Mas foi apenas após o XX Congresso que teve início o degelo (expressão extraída de um conto do escritor soviético Lyra Ehrenburg). Artistas passaram a retratar a vida soviética com franqueza até então inusitada. O realismo socialista, corrente artística anterior, era criticado pela sua artificialidade.

Ressaltava-se a distância entre governantes e governados. E, embora o estático academicismo no período de Stalin continuasse como única arte oficialmente aceita, os artistas inovadores já podiam divulgar seus trabalhos sem serem molestados.

A manifestação de maior repercussão do “degelo” foi o surgimento de um grupo de jovens poetas. O mais popular entre eles, Yevgeny Yevtushenko, entrou publicamente em conflito com Kruschev e não sofreu represálias.

Em 1962, o mesmo poeta publicou no jornal do partido o poema “Os herdeiros de Stalin”, trazendo criticas ao stalinismo e levantando indagações sobre futuro: “Como removeremos Stalin do âmago de seus herdeiros?”.

De fato, não se tratava de uma liberalização definitiva. Receosos dos resultados que a distensão política poderia acarretar, setores do partido prepararam a derrubada de Kruschev, conseguindo que, em outubro de 1964, ele se demitisse, alegando a idade avançada.
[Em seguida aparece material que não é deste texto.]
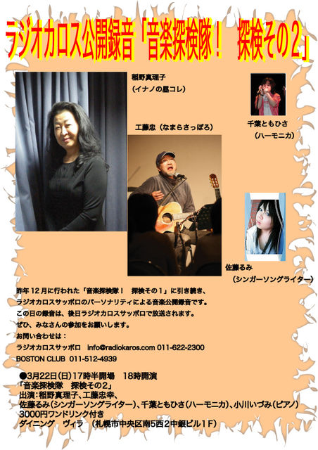●3月22日(日)17時半開場 18時開演 「音楽探検隊 探検その2」 出演:稲野真理子、工藤忠幸、佐藤るみ(シンガーソングライター)、千葉ともひさ(ハーモニカ)、小川いづみ(ピアノ) 3000円ワンドリンク付き ダイニング ヴィラ (札幌市中央区南5西2中銀ビル1F) 前回、12月に行った「音楽探検隊」のパート2です。 BOSTON CLUBとある中銀ビルの1階ですので、終わった後はBOSTON CLUBで2000円で打ち上げを行います。 ぜひ、みなさんの参加をお願いします。

A secretaria do partido foi assumida por Brejnev e a chefia do governo por Kossiguin.

O “degelo” não foi totalmente paralisado, mas teve nos novos líderes um freio em sua dinâmica. Em 1966, os escritores Sinyavsky e Daniel eram processados e encarcerados, atitude repressiva que não ocorria desde 1956.

A morte de Leonid Brejnev em 1982 deu início a importantes transformações no mundo socialista. Em seu lugar, assumiu Yuri Andropov que, contudo, permaneceu poucos meses à frente do governo soviético. Após sua morte, tomou posse Konstantin Tchernenko, que faleceu também após poucos meses na direção da União Soviética.

Assumiu o poder, então Gorbatchev, político de tendência reformista, que buscou modernizar a economia e as instituições do país.